- [WHAT YOU SHOULD DO]:
Your answer must match the material exactly, line for line.
DATA EXTRACT below:
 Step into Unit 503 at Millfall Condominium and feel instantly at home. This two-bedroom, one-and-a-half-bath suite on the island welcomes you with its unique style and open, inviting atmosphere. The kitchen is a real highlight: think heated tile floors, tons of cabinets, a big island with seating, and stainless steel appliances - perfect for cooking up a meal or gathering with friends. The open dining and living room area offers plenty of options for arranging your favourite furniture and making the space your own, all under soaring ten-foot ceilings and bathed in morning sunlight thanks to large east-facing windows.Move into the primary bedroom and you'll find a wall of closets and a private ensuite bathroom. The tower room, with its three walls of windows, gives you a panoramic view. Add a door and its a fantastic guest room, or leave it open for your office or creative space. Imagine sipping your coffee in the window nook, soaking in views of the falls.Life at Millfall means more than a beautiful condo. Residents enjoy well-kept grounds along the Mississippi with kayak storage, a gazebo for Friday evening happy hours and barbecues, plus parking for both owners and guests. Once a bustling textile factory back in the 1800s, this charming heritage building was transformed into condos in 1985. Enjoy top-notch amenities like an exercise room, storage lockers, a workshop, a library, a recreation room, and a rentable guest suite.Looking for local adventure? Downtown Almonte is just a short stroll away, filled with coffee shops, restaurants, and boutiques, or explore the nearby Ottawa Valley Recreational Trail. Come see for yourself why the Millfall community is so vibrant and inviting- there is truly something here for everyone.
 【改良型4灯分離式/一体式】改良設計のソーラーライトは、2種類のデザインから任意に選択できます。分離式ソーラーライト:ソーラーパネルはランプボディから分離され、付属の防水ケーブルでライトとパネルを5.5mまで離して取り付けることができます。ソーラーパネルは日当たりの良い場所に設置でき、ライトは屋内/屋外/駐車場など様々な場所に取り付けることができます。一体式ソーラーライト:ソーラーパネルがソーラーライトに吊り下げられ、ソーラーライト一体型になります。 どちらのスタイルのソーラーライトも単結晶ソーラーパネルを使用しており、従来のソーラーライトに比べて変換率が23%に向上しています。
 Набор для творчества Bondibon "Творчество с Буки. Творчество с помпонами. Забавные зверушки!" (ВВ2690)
End of DATA EXTRACT.
- [PROBLEM SOLUTION]:
 Step into Unit 503 at Millfall Condominium and feel instantly at home. This two-bedroom, one-and-a-half-bath suite on the island welcomes you with its unique style and open, inviting atmosphere. The kitchen is a real highlight: think heated tile floors, tons of cabinets, a big island with seating, and stainless steel appliances - perfect for cooking up a meal or gathering with friends. The open dining and living room area offers plenty of options for arranging your favourite furniture and making the space your own, all under soaring ten-foot ceilings and bathed in morning sunlight thanks to large east-facing windows.Move into the primary bedroom and you'll find a wall of closets and a private ensuite bathroom. The tower room, with its three walls of windows, gives you a panoramic view. Add a door and its a fantastic guest room, or leave it open for your office or creative space. Imagine sipping your coffee in the window nook, soaking in views of the falls.Life at Millfall means more than a beautiful condo. Residents enjoy well-kept grounds along the Mississippi with kayak storage, a gazebo for Friday evening happy hours and barbecues, plus parking for both owners and guests. Once a bustling textile factory back in the 1800s, this charming heritage building was transformed into condos in 1985. Enjoy top-notch amenities like an exercise room, storage lockers, a workshop, a library, a recreation room, and a rentable guest suite.Looking for local adventure? Downtown Almonte is just a short stroll away, filled with coffee shops, restaurants, and boutiques, or explore the nearby Ottawa Valley Recreational Trail. Come see for yourself why the Millfall community is so vibrant and inviting- there is truly something here for everyone.
 【改良型4灯分離式/一体式】改良設計のソーラーライトは、2種類のデザインから任意に選択できます。分離式ソーラーライト:ソーラーパネルはランプボディから分離され、付属の防水ケーブルでライトとパネルを5.5mまで離して取り付けることができます。ソーラーパネルは日当たりの良い場所に設置でき、ライトは屋内/屋外/駐車場など様々な場所に取り付けることができます。一体式ソーラーライト:ソーラーパネルがソーラーライトに吊り下げられ、ソーラーライト一体型になります。 どちらのスタイルのソーラーライトも単結晶ソーラーパネルを使用しており、従来のソーラーライトに比べて変換率が23%に向上しています。
 Набор для творчества Bondibon "Творчество с Буки. Творчество с помпонами. Забавные зверушки!" (ВВ2690)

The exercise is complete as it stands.